What the task requires: Print exactly the lines from the one containing "純正ハンドルバーにも対応したKLX230/SM専用のアルミニウムハンドガード。" through the last line of the entries below; the pictures stay out of the copy.

▬▬▬

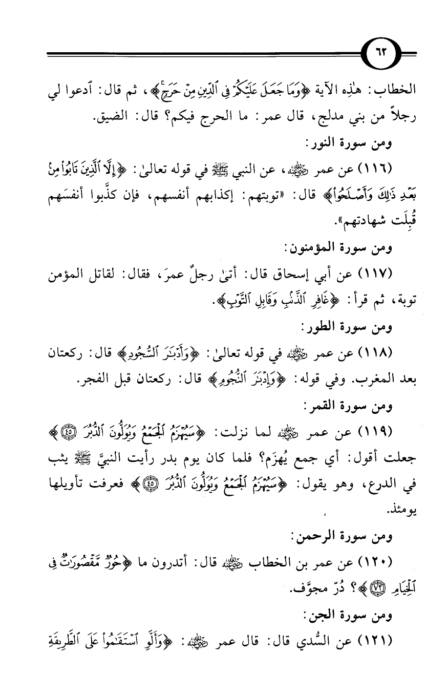 (118) عن عمر -رضي الله عنه- في قوله تعالى: {وأدبار السجود} قال: ركعتان بعد المغرب. وفي قوله: {وإدبار النجوم} قال: ركعتان قبل الفجر.
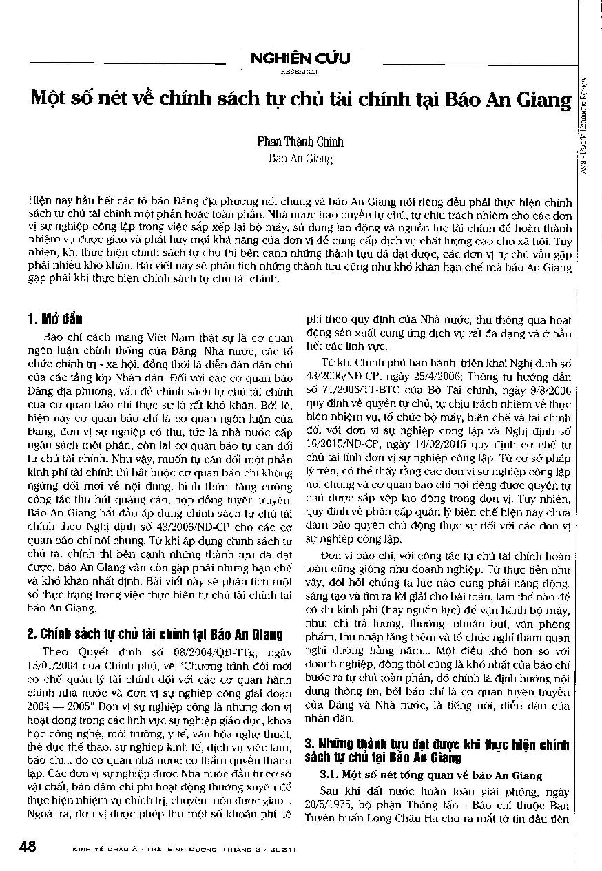 Một số nét về chính sách tự chủ tài chính tại Báo An Giang
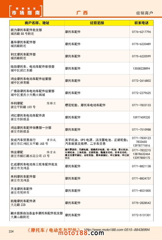 內224 廣西摩托車配件經銷商戶
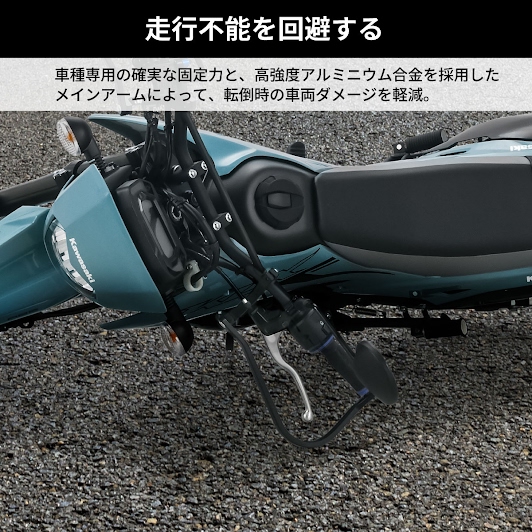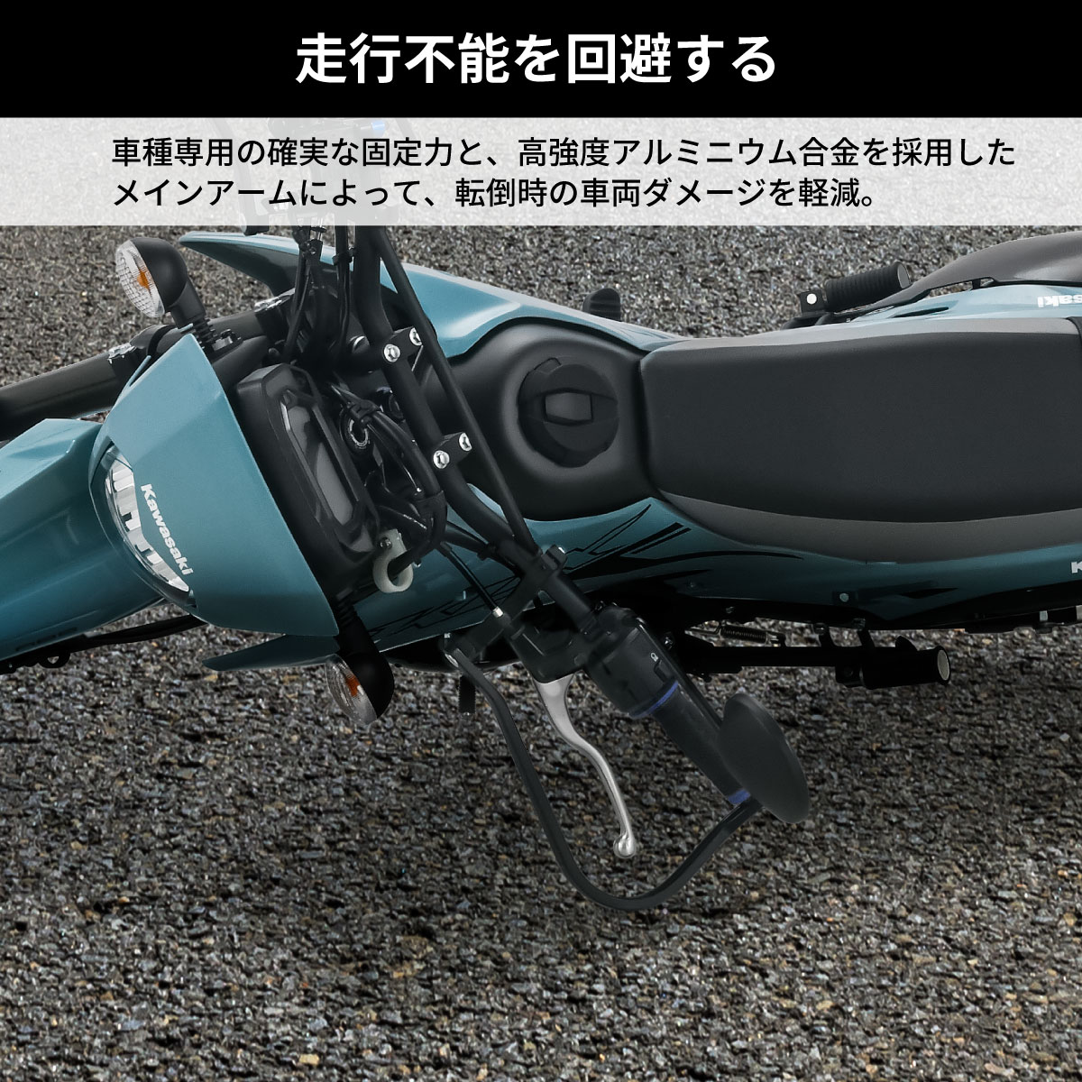 純正ハンドルバーにも対応したKLX230/SM専用のアルミニウムハンドガード。
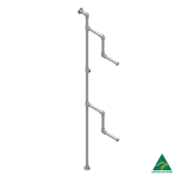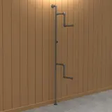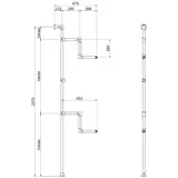 The Interclamp GR0001 is a floor and wall mounted double bent arm key clamp garment rack system, commonly used within retail establishments to create vibrant and attractive clothing displays.

▬▬▬

Expected answer:
 純正ハンドルバーにも対応したKLX230/SM専用のアルミニウムハンドガード。
 The Interclamp GR0001 is a floor and wall mounted double bent arm key clamp garment rack system, commonly used within retail establishments to create vibrant and attractive clothing displays.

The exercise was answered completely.